China Insists, Without Evidence: Wuhan Not ‘Definite Birthplace’ of Pandemic

Workers wearing facemasks make a barbecue at a market in Wuhan, in China's central Hubei p
NOEL CELIS/AFP via Getty

Chinese state media outlets published several reports on Tuesday and Wednesday hinting at a foreign, Western origin for the Chinese coronavirus, including confirmation of cases in California in February and remarks by a New Jersey mayor who said he felt sick last year.

Chinese authorities confirmed in January that the Chinese coronavirus originated at a wild meat and seafood market in Wuhan, central China, where the first cases of the virus were also documented. Documents obtained by journalists indicate Chinese doctors identified the first Chinese coronavirus case on November 17, 2019. Yet the Global Times and People’s Daily, two government-run outlets, insisted that cases documented in the West much later show that Wuhan is not the “definite birthplace” of the virus.

The Global Times published a story on Tuesday highlighting the discovery of a French patient carrying the virus on December 27, over a month after leaked Chinese documents say Wuhan confirmed its first case. Calling it a “stunning scientific find,” the Times insisted that this was proof that the origin location of the Chinese coronavirus was “still a mystery.”

“Earlier, in Santa Clara County, California, local physicians announced that an autopsy confirmed the first coronavirus death in the populous US state happened on February 6,” the Times insisted. “Like what were ascertained or known to date, China’s Wuhan city was on the same timeline as California and Paris reporting the mysterious disease.”

Residents in Wuhan told journalists in early reports that they were aware of a contagious disease spreading in late 2019, placing Wuhan far ahead of the timelines that places like California and France were witnessing.

The Global Times also continued its campaign against Secretary of State Mike Pompeo, who said in an interview on Sunday that “enormous evidence” exists linking not just the city of Wuhan, but the Wuhan Institute of Virology – a biological laboratory that has spent years studying highly contagious coronaviruses – with the current pandemic.

“The U.S. President Donald Trump’s administration, including Pompeo, keep spreading lies and misleading domestic and international audiences without any evidence to prove their suspicion,” the Global Times proclaimed, using the fact that most scientific studies concur that the Chinese coronavirus occurred naturally to attempt to discredit Pompeo’s comments. Pompeo has not accused the Wuhan Institute of Virology of genetically modifying a coronavirus to create the pathogen currently fueling the pandemic.

The People’s Daily, the official newspaper of the Communist Party of China, attempted to corroborate the allegation that Wuhan was not the origin location of the Chinese coronavirus on Wednesday by reprinting remarks by the mayor of Belleville, New Jersey, who recently tested positive for antibodies against the virus, meaning he had at one point been infected.

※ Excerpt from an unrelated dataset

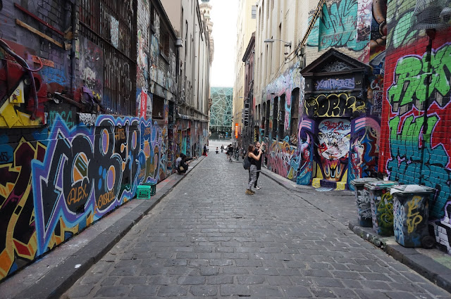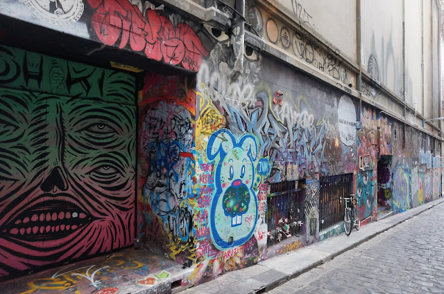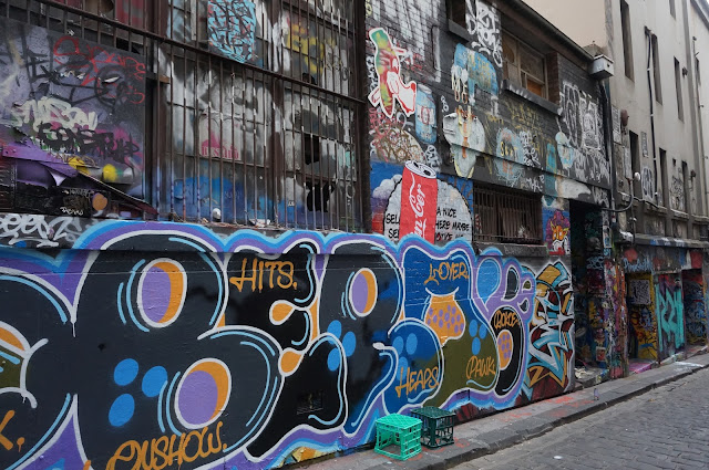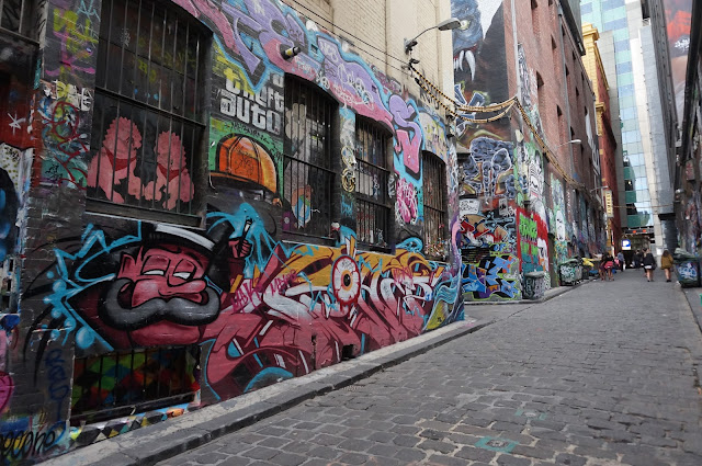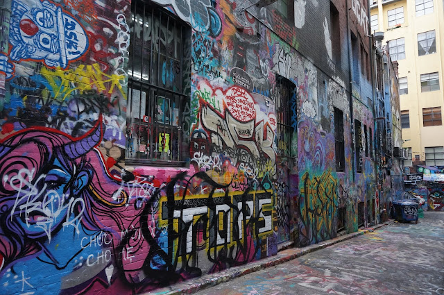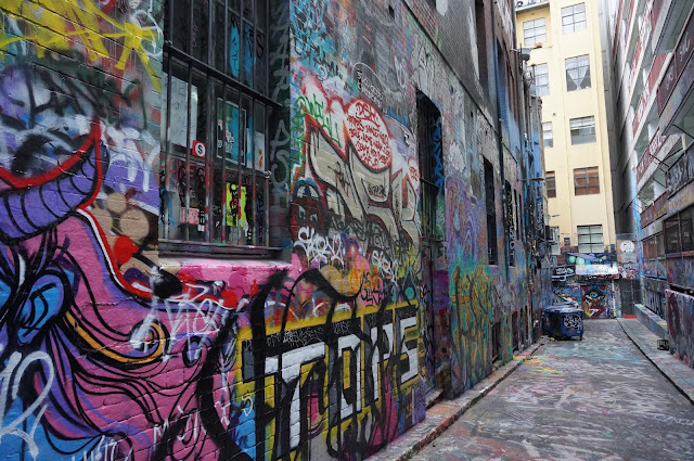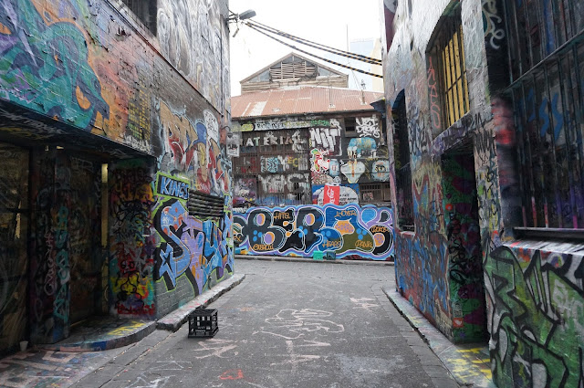 Flinders Street Station對面係我想介紹的第二個景點,就係一條畫滿塗鴉的巷仔,名為Hosier Lane。呢度係任意俾人畫塗鴉,所以每隔一排就會有新的塗鴉,每次去都會睇到唔同的作品,好多塗鴉都畫得好靚!話說我曾經睇過有朋友去呢度有大眼仔的塗鴉,所以我就好想黎啦,但我黎到搵極都搵唔到,我諗佢已經俾其他公仔覆蓋左......鳴!其實墨爾本周圍都有好多塗鴉,行行下就會見到,不過想好集中欣賞下墨爾本的街頭藝術就一定要黎Hosier Lane。

House Oversight Committee / YouTube

Mayor Michael Melham said that he experienced fevers, chills, and other telltale signs of the Chinese coronavirus in November; he did not travel to China or come into contact with anyone recently traveling to China that he knew of, though he did attend a conference at the time. The conference occurred in November 21, after the Chinese documents revealed the first Chinese case to have been confirmed in Wuhan.

China’s repeated rejections of all evidence that indicate the virus originated in Wuhan contradict the declarative assertions from Chinese scientists in January insisting the virus came from a Wuhan seafood market.

“The origin of the new coronavirus is the wildlife sold illegally in a Wuhan seafood market,” Gao Fu, director of China Center for Disease Control and Prevention, said that month.

“The outbreak was initially detected in a seafood market, but was localized,” Chinese professor Yang Zhanqiu told the Global Times in January.

The People’s Daily published an article on January 27 titled “Experts Confirm Wuhan Seafood Market Was Source of Novel Coronavirus.”

“China Center for Disease Control reported on Sunday that 33 out of the 585 samples collected from the seafood market tested positive for the new strain of coronavirus which caused the pneumonia outbreak in Wuhan,” the article read. “The virus was confirmed to have come from the wildlife sold at the market.”

On January 23, a group of Chinese scientists published a study claiming the virus originated in a Chinese species of snake – another claim later dismissed, as scientists now believe the animal where the virus originated was likely a bat or pangolin, a type of anteater.

Chinese scientists later published a report claiming that the virus had not originated in the Wuhan. As Chinese authorities immediately shut down the market and “disinfected” it, it is impossible for independent scientific researchers to conduct their own studies on the claim.

In January, state media outlets were insisting that the outbreak in Wuhan was “no cause for panic” and that no evidence existed that the virus was contagious, contradicting Wuhan doctors witnessing the outbreak first-hand.

Chinese police arrested and reprimanded eight individuals early during the outbreak for sharing information online about the virus, including safety tips for preventing the spread of a contagious disease like wearing masks and washing one’s hands.